At UB Law School, "I hit those books like crazy," Theobald says. At first she worked the graveyard shift at a defense plant, until a sympathetic dean got her a job as a proctor at the law library. She lived not far from what is now the UB South Campus, and took the trolley downtown to West Eagle Street for her law classes.

After graduation, she went into the Army as a legal affairs officer, rotating through bases in Maryland, Georgia, Virginia and New Jersey, advising newly discharged soldiers on their legal issues, and winning the Army women's tennis crown in 1946. After her own discharge in 1947, she took her GI Bill benefits to Columbia University, where she earned a master's degree in public administration. She also did coursework toward a Ph.D. in political science at Rutgers University.

Theobald ended up living outside Asbury Park, N.J., raising her family and pursuing all sorts of projects. She served for many years on her local board of education, including a stint as president. She joined the Daughters of the American Revolution and the Mayflower Society. Her musically talented family was even featured on a Merv Griffin television show called One in a Million. She earned a private pilot's license.

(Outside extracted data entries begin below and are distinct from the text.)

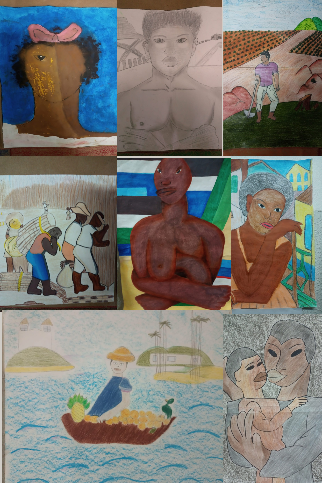 Para finalizar o mês da Consciência Negra, entre as ações do NEABI, a Professora de Arte, Márcia Dall’Agnoll organizou a Mostra artística sobre a representação do negro e da negra na arte brasileira. As obras dos artistas Arthur Bispo Do Rosário, Rubem Valentim, Abdias Do Nascimento, Mestre Didi, Heitor dos Prazeres, Tarsila do Amaral, Di Cavalcanti, Anita Malfatti, Lavar Segall, Cândido Portinari e Lasar Segall que retratam a arte moderna e inovadora com temáticas referente as religiões Afro-Brasileiras, as favelas, as festas populares e a formação do povo brasileiro foram reproduzidas pelos alunos dos Cursos Integrados em formato de pintura, desenho, cartazes, bordados e permaneceram em exposição nos corredores do campus.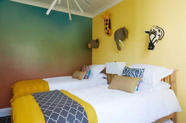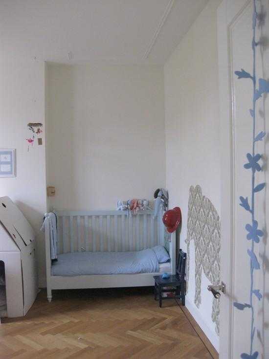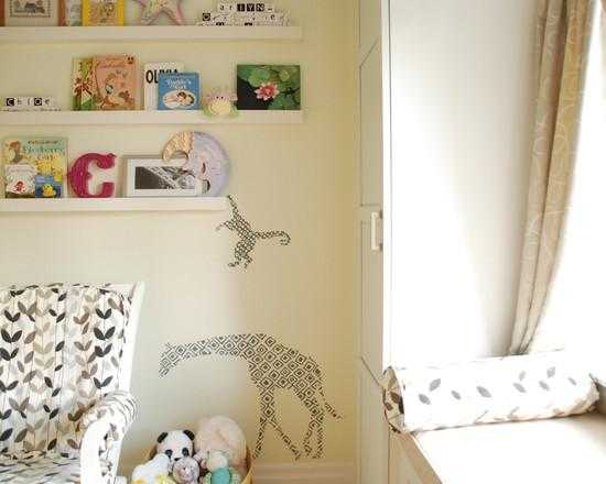 Украшением светлой стены служат вырезанные из пестрых обоев силуэты африканских животных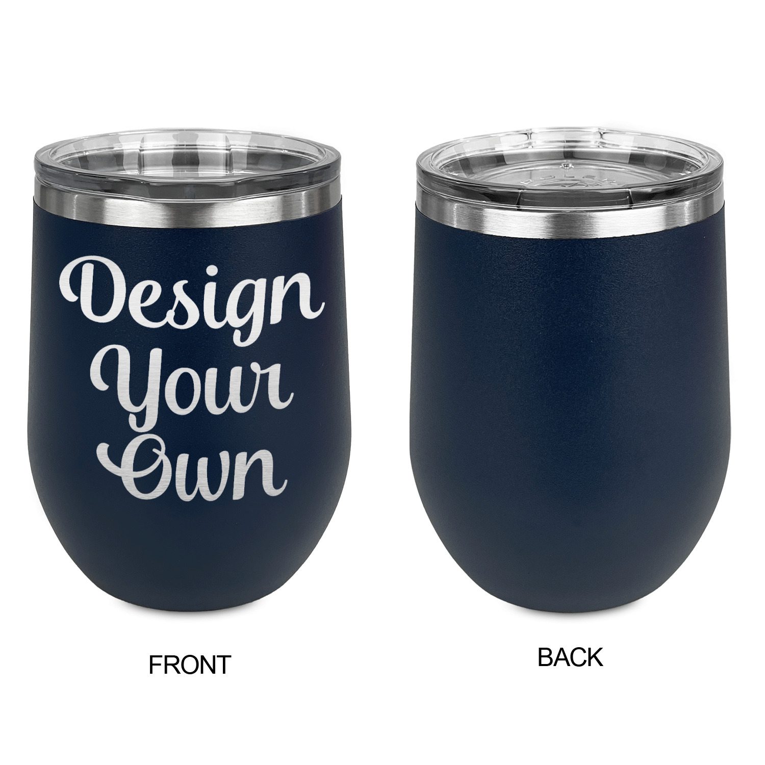 Design your wine tumbler with a cool graphic or quote. Even put your initials or monogram! These cups are laser engraved, which looks extra sharp on the metal tumbler.

She also worked for a decade as a taxpayer service representative for the Internal Revenue Service – often tackling the tougher questions that came in. "They would just give you guidelines. I would get my books out and research it more completely," she says.

And she did a little traditional lawyering as the need arose – defending her kids in minor scrapes with the law, writing the leases for properties the family owned, advocating for a fair settlement when their home was claimed by eminent domain.

"I never learned to say no," Theobald admits. "I did not do much in law, but it opened the door for me. Because you have more education, you are always asked to do things."